The self-explanatory concept of 50 States, 50 Pies includes the author’s notes on each state and its influence on her, plus a dedication to an important friend in her life. The format means the book feels more personal than the average recipe book and leaves with you with a sense of knowing someone new, thanks to the picture of the author’s character gradually painted throughout.
‘As American an apple pie’ the saying goes, yet to me, it’s the cherry pie in David Lynch’s Twin Peaks that’s most synonymous with the States. Not to worry, as the book contains a recipe for both, and there is a mix of sweet and savoury, the inventive and traditional. The Scallion Bagel Pie, for example, strays perilously into quiche territory, whereas the Peach Custard Pie looks exactly how you’d picture pudding in a stereotypical American diner.

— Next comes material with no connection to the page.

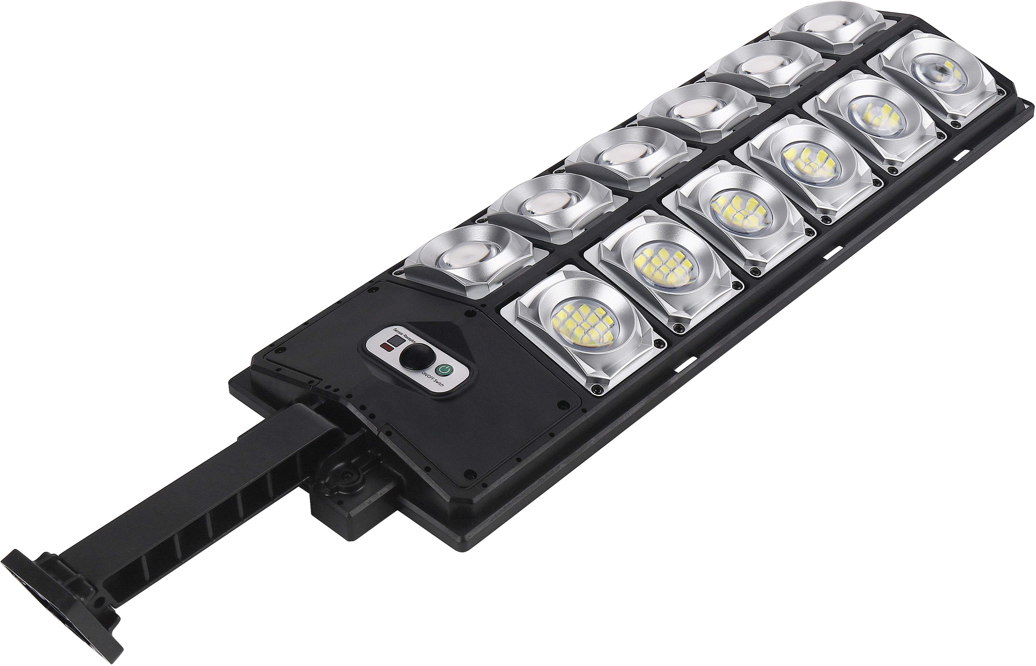 Lampa została wyposażona w wydajny panel solarny oraz pojemną baterię, które zapewniają długą i stabilną pracę po pełnym naładowaniu. Zastosowanie wielu modułów LED gwarantuje intensywne i równomierne oświetlenie dużej powierzchni, zwiększając komfort oraz bezpieczeństwo po zmroku.

Ingredients are often given in cups (when can we all just move to grams instead of cups, spoonfuls, pinches, handfuls etc?) and this cynical Englishman found some of the writing – ‘she fills every room she enters with warmth and love’ – sweeter than any of the recipes, but perhaps that ought to be overlooked in the name of the book’s colourful, happy Americana.
With the prospect of a Trump-contested US election next year and an increasingly desperate incumbent government in the UK seeking another term in 2025 (if not sooner), it seems inevitable that the subject of immigration will dominate political discourse in both countries for significant periods of the next two years. While a recipe book about pies isn’t the most direct repudiation of the negative rhetoric on the subject, 50 States, 50 Pies is a case study in the potential beauty of a life lived in different cultures. And who doesn’t love pie?